Francesco Abbruzzino, The Uncensored Report, LLC
The mainstream media is trying really hard to convince all of us that inflation will soon no longer be a problem, but meanwhile food prices continue to soar to absolutely absurd levels. In fact, we just learned that vegetable prices increased by a whopping 38 percent in November. When I originally saw that number, I thought that it must represent the change from 12 months ago. But that is not the case. According to the Bureau of Labor Statistics, vegetable prices jumped 38.1 percent from October to November, and they are up a total of 80.6 percent over the past 12 months…
The price of vegetables from producers shot up 38% on a monthly basis in November — and jumped over 80% compared to November 2021 — according to the U.S. Bureau of Labor Statistics latest Producer Price Index.
Even after reading that, a lot of you are still going to have a very difficult time believing that these figures are actually real.
So I would encourage you to go to the official BLS website and see the numbers for yourself.
This isn’t an Internet rumor.
This is real.
As you can see from this chart, egg prices are also going completely nuts.
The price of eggs shot up 26 percent last month.
And over the past 12 months the price of eggs is up an astounding 244 percent.
The bird flu is the primary reason why eggs have become so expensive. More than 50 million chickens and turkeys in the United States are already dead, and it is likely that millions more will die in the months ahead.
As for vegetables, the endless drought in the western half of the nation has absolutely crippled production. In fact, one recent survey discovered that 74 percent of farmers in 15 western states “saw a reduction in harvests” in 2022…
A recent survey about the drought by the American Farm Bureau Federation of more than 650 farmers in 15 Western states found that 74 percent saw a reduction in harvests and 42 percent switched crops.
No matter how high the Federal Reserve hikes interest rates, food prices are going to continue to go up.
We all have to eat, and it appears that food supplies will get even tighter in 2023…
U.S. domestic supplies of key crops including corn, soybeans and wheat are expected to remain snug into 2023, according to the U.S. Department of Agriculture.
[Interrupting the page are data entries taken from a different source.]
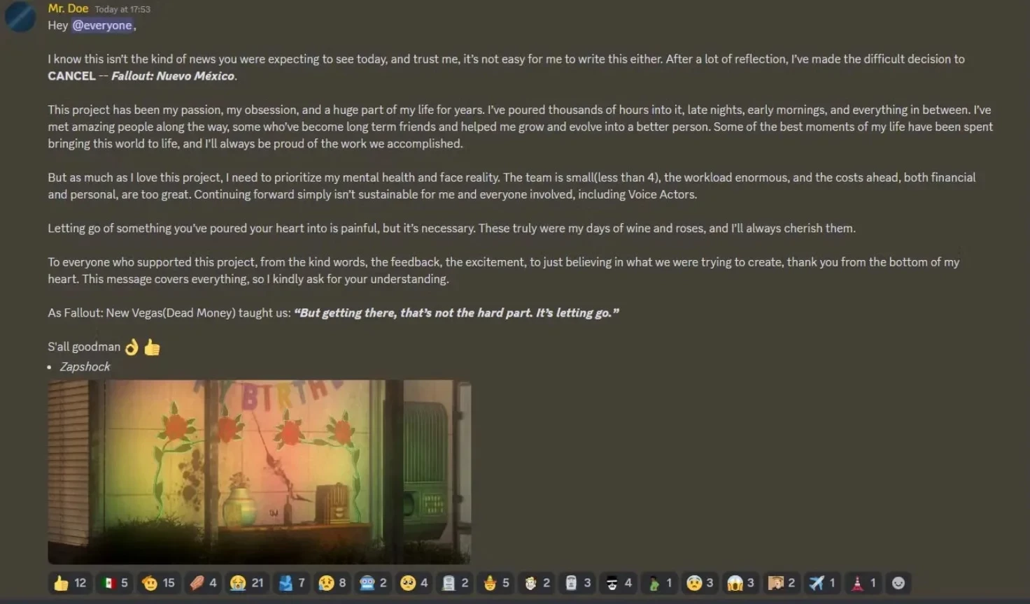 Всех неравнодушных Zapshock поблагодарил за поддержку. Также он вспомнил проницательную фразу из Fallout: New Vegas — сложнее всего не пройти путь до цели, а отпустить его.
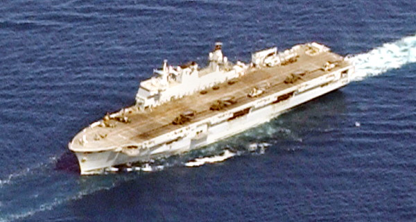 Le navire britannique HMS Ocean, déployé à partir de Chypre, est équipé comme porte-hélicoptères, pour des hélicoptères Apache.
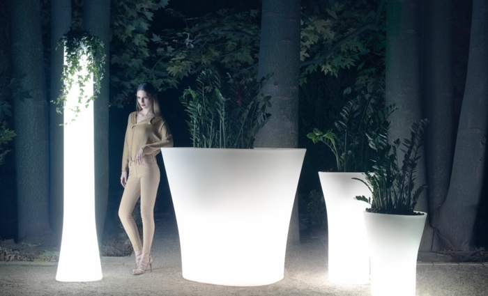 Pot lumineux plantes vertes femme grands pots
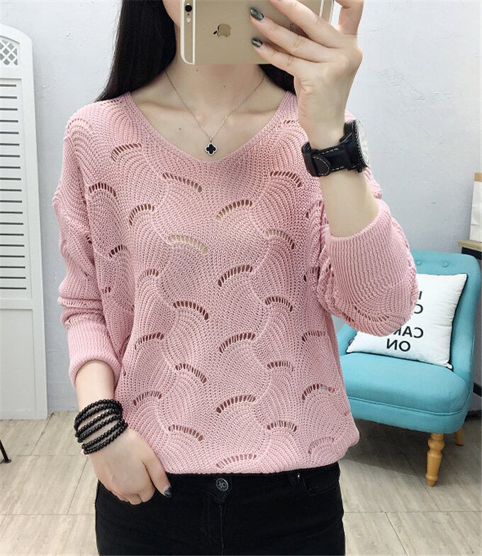 セーター ニット レディース Vネック 長袖 無地 透かし彫り UVカット ゆったり 着痩せ おしゃれ カジュアル オシャレ 薄手 通勤 ファッション 春夏 新作 送料無料
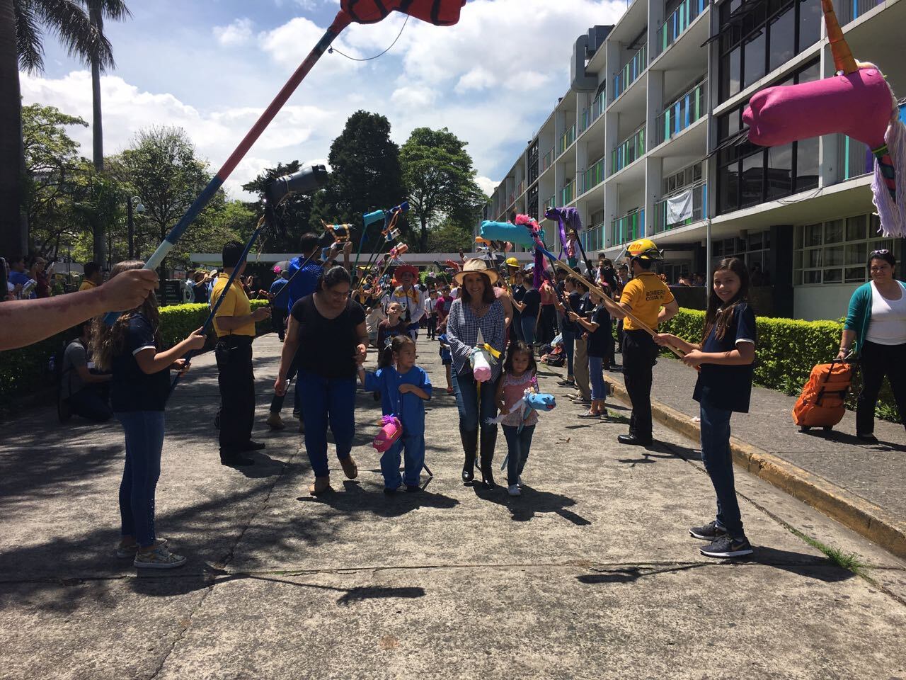 El desfile empezó después de las 10 de la mañana con la escolta de los bomberos y estudiantes del Colegio Británico de Costa Rica, quienes vigilaron que ningún caballo se portara mal y se saliera de la ruta.
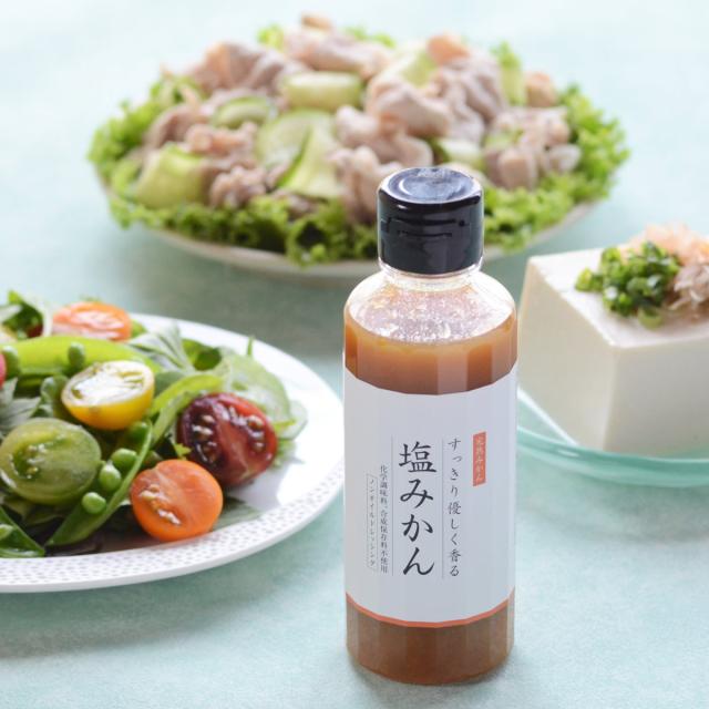 愛媛の新しい調味料「塩みかん」を、ドレッシングにして手軽に使いやすくしました。簡単に使えて、かけるだけでおいしくなる、ちょっと珍しい調味料です。
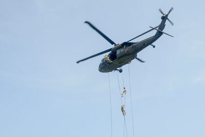Soldiers with Fort Indiantown Gap's inaugural Air Assault course rappel from a UH-60 Black Hawk helicopter operated by pilots from the Eastern Army National Guard Aviation Training Site July 20, 2017. (Sgt. Zane Craig/Army)
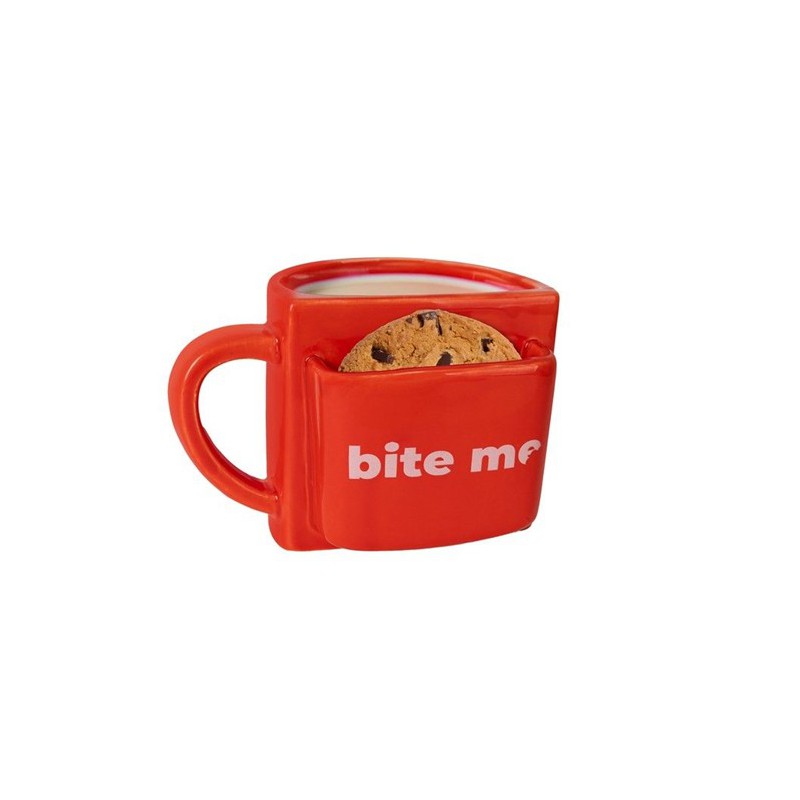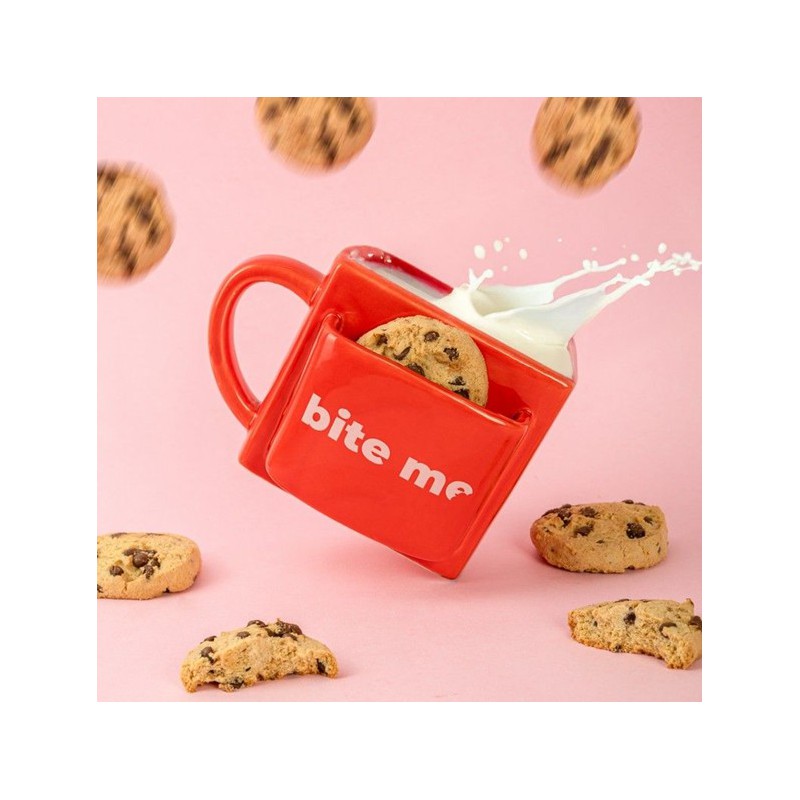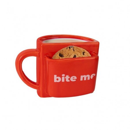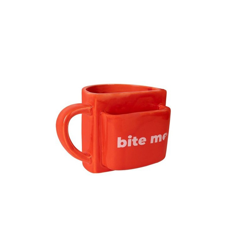 Avec sa contenance de 316 ml, cette tasse rouge ornée du message « Mords-moi » est idéale pour bien commencer la journée avec un café, un thé ou un chocolat chaud et faire le plein d'énergie (et le sourire !) ☕.
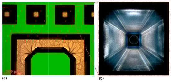Top view of the backside of the top plate (a) after the KOH etch process and (b) of a TSV after opening the TSV hole by dry etching.
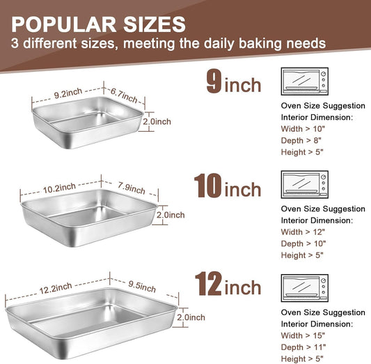 Baking Pans Set of 3, Commercial Grade Stainless Steel Cookie Pan for Baking, 12/10/9 Inch, Rectangle Bakeware Set for Cakes Breads Lasagna Casseroles, Rust & Warp Resistant & Nonstick, Heavy Duty
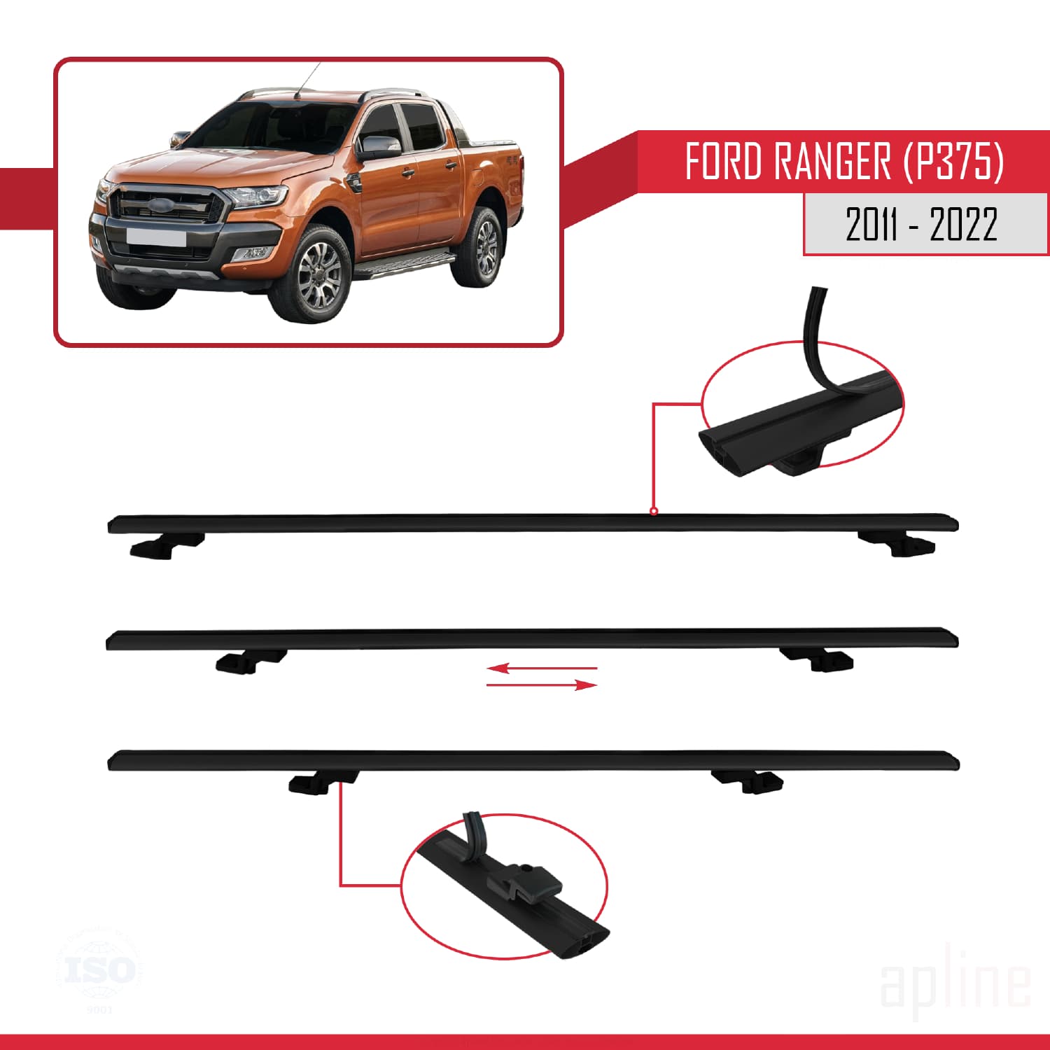 Compatible avec Ford Ranger (P375) 2011-2022 BASIC Model Barres de Toit Railing Porte-Bagages de Voiture Noir Aluminium 3 Barres
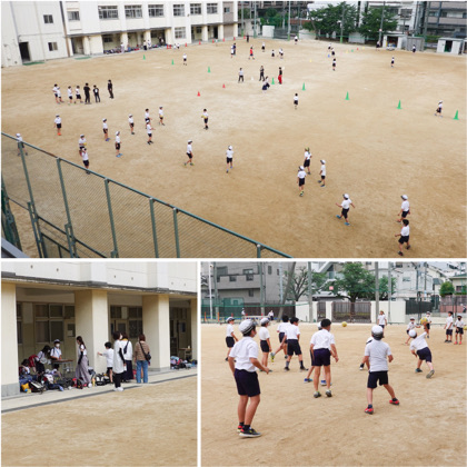 受付(南校舎1階付近)で名簿に名前を書き、ランドセル等の持ち物を置いたら、運動場へ。運動場は、遊びの種類で4つのゾーンに分けられています。(ドッジボール・サッカー・キックベース・その他の遊び)この日は、ドッジボールで遊んでいる子が多かったですね。

The agency is forecasting U.S. corn supplies to fall to a decade low before the 2023 harvest, while soybean stocks were seen at a seven-year low and wheat ending stocks are forecast at the lowest in 15 years.
I am particularly concerned about the outlook for wheat.
The two largest wheat exporters in the world are projected to have very disappointing harvests in the months ahead, and this should deeply alarm all of us…
While flooding in Australia, the world’s second largest wheat exporter, in recent weeks has caused extensive damage to the crop which was ready for harvest, a severe drought is expected shrink Argentina’s wheat crop by almost 40%.
This will reduce global wheat availability in the first half of 2023.
A lack of rainfall in the U.S. Plains, where the winter crop ratings are running at the lowest since 2012, could dent supplies for the second half of the year.
So what does all of this mean?
The bottom line is that the global food crisis that erupted in 2022 is likely to intensify quite a bit more in 2023.